Google Summer of Code 2018 Work Product Submission



coala

Palash Nigam

I am second year student of B.Tech Computer Science and Engineering at International Institute of Information and Technology, Bhubaneswar, Odisha, India. I worked as a GSoC student under coala to improve coala’s I/O mechanism using FileFactory class and adding features to provide more support for NextGen-Core’s caching mechanism.


Patches Tarball


SHA-256:

11072a232d80160a6142e822b1ab66c28ccd4a72d6ea3762111ecdc922bb8479

Bonding

Phase 1

Phase 2

Phase 3


Links to commits and repositories I've worked on:

Repository Link to Commit/s Description
c  cEPs View

cEP-0026.md: Adds optimize caching cEP.

p  projects View

Updated the details of Optimize Caching project.

p  projects View

optimize_caching.md: Changed primary mentor from adtac to Makman2.

d  devops View

planet.ini: Add palash25 gsoc blog feed.

c  coala View

Added FileFactory class. Objects of this class are used to represent files and replace file contents in the file dict.

c  coala View

Added Directory class. This class will act as an interface to directories providing useful information about them. The objects of this class can be used by bears that operate only on directories and perform analysis based on the things like directory structure.

c  coala View

Added memoized_property. memoized_property is a decorator that caches the properties of FileFactory class.

c  coala View

NextGen_Core.rst: Update caching section.

c  coala View

IO.rst: Add FileFactory docs.

c  coala View

NextGen_Core.rst: Add link to IO docs.

c  coala View

FileFactory: Use cached_property instead of memoized_property.

c  coala View

A new attribute newline was added to FileFactory to force newlines on the file content.

c  coala View

Processing: Add middleware FileDict that provides the bears with the actual file contents instead of the FileFactory objects.

c  coala View

Processing: Modify tests to use actual files instead of hard coded tuples as file content.

c  coala View

Added support for collection types like dict and set for persistent_hash.


Optimize Caching for the NextGen-Core

Work Done

  1. Improved I/O mechanism for coala.
    1. Added a class FileFactory to interface with files and to provide file contents in different forms like string, binary data or as a tuple.
    2. Added a Directory class to interface with directories and provide useful information about them such as the directory path, parent directory and timestamps. This will be later used to implement ignore directories functionality.
    3. Added documentation for FileFactory and improved the NextGen-Core docs.
  2. Caching support.
    1. Cached the properties of FileFactory which turned out to be a significant performance boost in consecutive coala runs.
    2. Added support for unordered collection types in persistent_hash which improved the NextGen-Core’s ability to hash much more complex task objects (which are used in NextGen caching).
  3. Integrated FileFactory with the core.
    1. Added line endings support for FileFactory.
    2. Implemented a middleware FileDict that mimics a dictionary and provides the bears in the old core with the actual file contents instead of the FileFactory objects thereby maintaining backwards compatibility with the old core.
    3. Modified the tests to use actual files and the FileFactory objects instead of hard-coded file contents.

Challenges

One of the first challenges I faced was designing the FileFactory.
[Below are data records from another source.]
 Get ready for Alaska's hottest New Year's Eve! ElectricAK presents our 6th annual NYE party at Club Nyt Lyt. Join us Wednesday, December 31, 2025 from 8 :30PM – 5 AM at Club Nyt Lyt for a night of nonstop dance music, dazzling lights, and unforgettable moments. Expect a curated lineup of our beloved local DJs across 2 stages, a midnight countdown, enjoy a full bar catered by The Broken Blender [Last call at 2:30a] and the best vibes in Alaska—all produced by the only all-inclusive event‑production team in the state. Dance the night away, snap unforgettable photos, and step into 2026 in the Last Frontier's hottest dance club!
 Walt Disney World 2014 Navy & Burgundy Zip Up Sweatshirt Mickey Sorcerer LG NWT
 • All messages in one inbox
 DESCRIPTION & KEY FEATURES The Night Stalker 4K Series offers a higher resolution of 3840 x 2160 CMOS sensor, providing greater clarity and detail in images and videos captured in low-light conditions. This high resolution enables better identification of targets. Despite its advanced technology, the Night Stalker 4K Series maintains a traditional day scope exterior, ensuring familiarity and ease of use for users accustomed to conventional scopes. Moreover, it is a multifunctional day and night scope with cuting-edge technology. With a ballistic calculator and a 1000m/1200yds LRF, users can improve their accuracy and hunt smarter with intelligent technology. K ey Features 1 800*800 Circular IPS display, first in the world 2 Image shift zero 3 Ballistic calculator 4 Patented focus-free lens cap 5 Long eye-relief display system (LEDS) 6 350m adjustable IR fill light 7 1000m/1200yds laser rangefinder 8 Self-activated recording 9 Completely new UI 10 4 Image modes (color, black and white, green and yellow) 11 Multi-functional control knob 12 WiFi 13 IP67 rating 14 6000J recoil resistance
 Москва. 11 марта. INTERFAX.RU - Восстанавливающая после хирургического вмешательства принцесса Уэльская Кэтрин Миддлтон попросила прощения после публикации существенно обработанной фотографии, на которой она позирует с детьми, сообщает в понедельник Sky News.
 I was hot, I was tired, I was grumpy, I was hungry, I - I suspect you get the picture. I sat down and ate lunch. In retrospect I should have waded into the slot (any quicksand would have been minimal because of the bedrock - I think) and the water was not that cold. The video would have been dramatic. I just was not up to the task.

But with my mentors help we were able to come up with a design that could be used for the NextGen-Core and also maintained compatibility with the old core.
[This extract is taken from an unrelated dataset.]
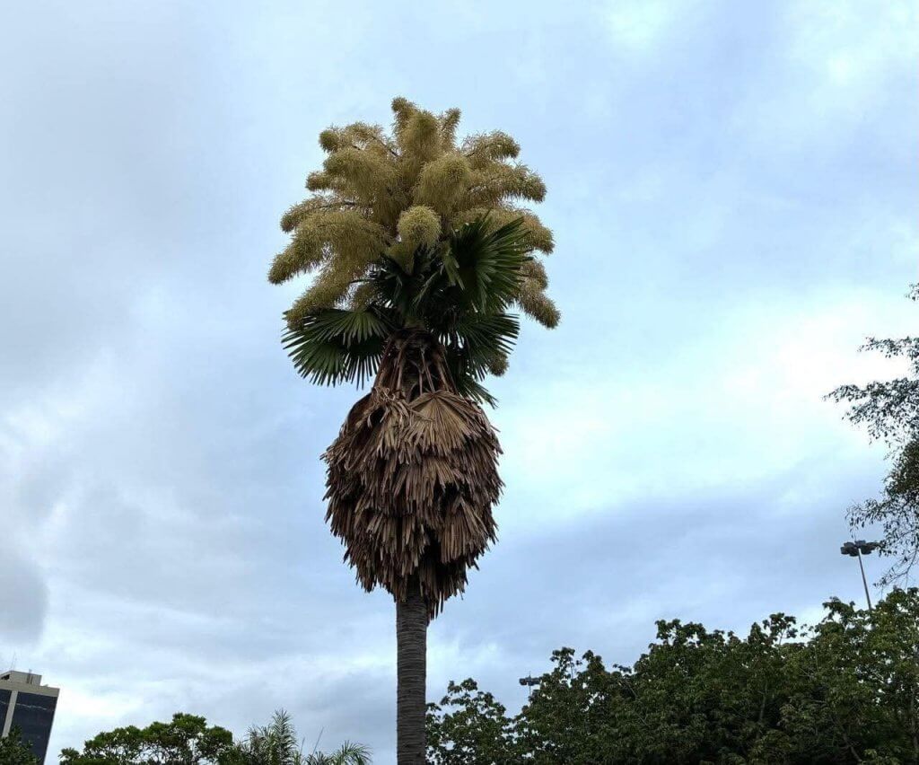 Falamos de uma planta, mais precisamente da palmeira Talipot (Corypha umbraculifera), nativa do sul da Índia e do Sri Lanka, florescendo no Parque Burle Marx (também chamado Aterro do Flamengo, um dos maiores parques urbanos, no Rio de Janeiro.
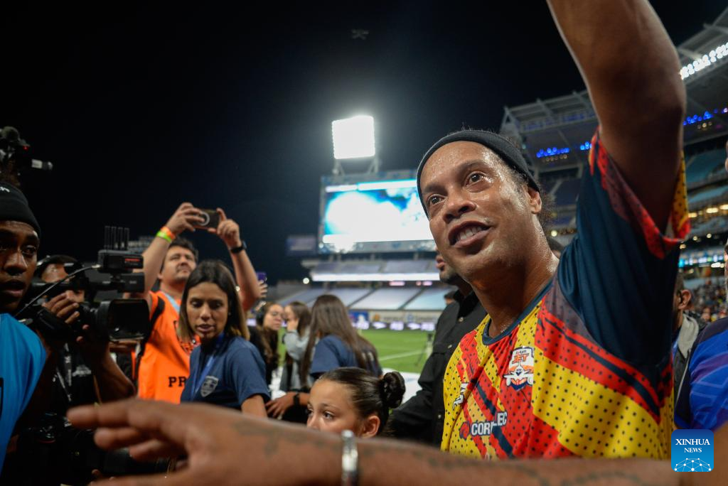 CARACAS, 7 junio, 2024 (Xinhua) -- Imagen del 6 de junio de 2024 del exfutbolista brasileño, Ronaldinho (frente), de Forum Jet, saludando a los aficionados al término del partido correspondiente a la Liga Monumental de Venezuela, ante Vikingos del Caribe, celebrado en el Estadio Monumental de Caracas Simón Bolívar, en Caracas, Venezuela. (Xinhua/Marcos Salgado)

The biggest challenge that I faced these three months for the integration of the aforementioned FileFactory with the core. Initially about thirty tests were failing but after discussing the idea of using a middleware (FileDict) to maintain backwards compatibilty with the old core the test failures were significantly reduced to just six. After a while I discovered that FileFactory was somehow removing line-endings from the file contents which was fixed by adding support for newlines in FileFactory which in turn led to a successful integration.

Work to be done

Two major features were left out because of time constraints:

  1. Ignore directories functionality for the NextGen-Core.
  2. Cache control flags for the NextGen-Core (which was already mentioned as a stretch issue in my GSoC proposal).